Dependencies¶
To run the potential fitting code, you must first download LAMMPS and install at a minimum the LAMMPS python package. Installing LAMMPS itself is a relatively easy task. You just download the relevant source files, go to the src directory, and run make. Simple.
Compiling LAMMPS¶
Download the version of LAMMPS you want, making sure it is a release from March 23rd 2018. Before this date some of the libraries weren’t properly supported. You can either git clone the latest stable version using:
git clone -b stable https://github.com/lammps/lammps.git [path to build location]/lammps
(Or use wget or download the zip and move it to where you want to build LAMMPS.)
Once you have your LAMMPS folder, cd into the src directory (lammps/src/). Before building LAMMPS and creating the shared library, you may want to include some of the LAMMPS packages. This is fairly simple to do and you will probably want to have some of these packages. To see a list of the available packages use make package-status. This will also tell you if they are active or not. To activate any of these packages you can use make yes-<package_name> or to deactivate use make no-<package_name>. If you want to install a bunch of packages in one go you can use the following:
export LAMMPS_PACKAGES="asphere body class2 colloid compress coreshell dipole granular kspace manybody mc misc molecule opt peri qeq replica rigid shock snap srd user-reaxc"
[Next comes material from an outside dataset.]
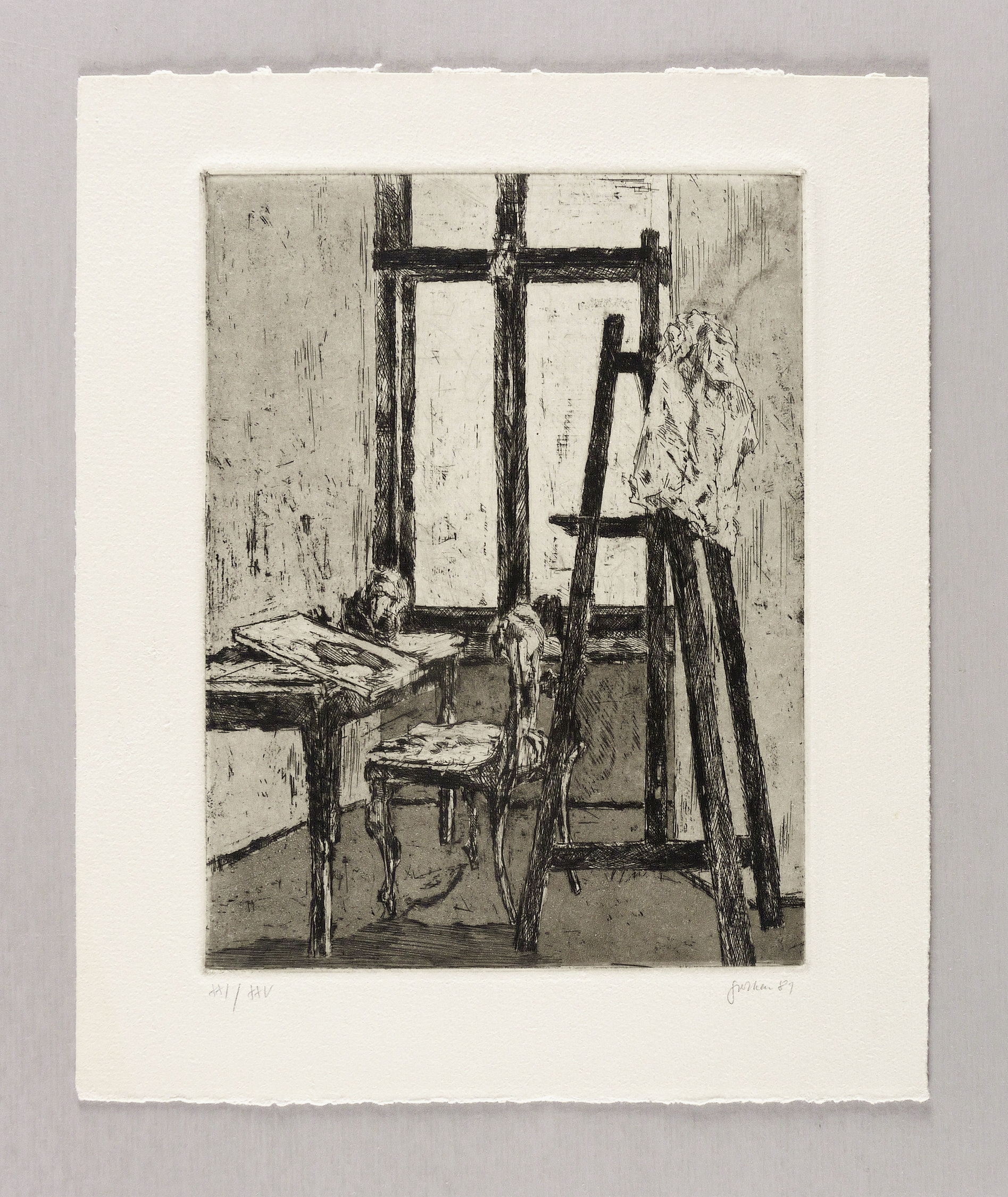 1981. Radierung / Aquatinta, Strichätzung & Kaltnadel, in Schwarz, auf hellchamois Velin. – Originale Künstlergrafik, von Christine Perthen. – Auflage Exemplar Nr. XXI/XXV. – 23,6 x 17,6 cm (Darstellung / Platte), 31 x 26 cm (Blatt).

for pack in $LAMMPS_PACKAGES; do make "yes-$pack"; done
These are the packages installed during development and testing of this code, though you should note that some packages are not compatible with others and can cause conflicts. So just be careful.
Right, now you are ready to install LAMMPS!
This is done using a make command. Here you can also chose which mode to use, to run as serial or mpi, and which flags to use. There are suggested flags to use to get everything working smoothly. The make command I would suggest using is:
make mode=shlib mpi -j4 LMP_INC="-DLAMMPS_EXCEPTIONS -DLAMMPS_GZIP -DLAMMPS_MEMALIGN=64 -DBUILD_SHARED_LIBS=on"
If you only want to install the python interface package, you can do this using:
make install-python
Boom! Now you are compiling LAMMPS. Make a cup of tea (or coffee if you prefer) while it runs. This could take about 5 minutes, or longer if you have more packages.
When LAMMPS has finished compiling you will need to make sure your libraries have installed in the correct place and that the paths to these locations are connected through a shared linker (e.g. like /usr/lib64/) or part of the LD_LIBRARY_PATH environment variable, otherwise you will get an error when creating a LAMMPS object through the python module. You can check this using echo $LD_LIBRARY_PATH. This should give the file path to where the .so file is saved. If this is not linked, you can set this using (with your file path):
# Unix/Linux
export LD_LIBRARY_PATH=$HOME/.local/lib:$LD_LIBRARY_PATH
# MacOS
export DYLD_LIBRARY_PATH=$HOME/.local/lib:$DYLD_LIBRARY_PATH
or
export LD_LIBRARY_PATH=/home/[user]/.local/lib/ (depending on path)
Further details on the different types of LAMMPS installs and for debugging issue, see the LAMMPS installation documentation.
NOTE: This may not stay permanent on workstations or hpcs. To save having to redo this command each time you login add it to your .bash_profile.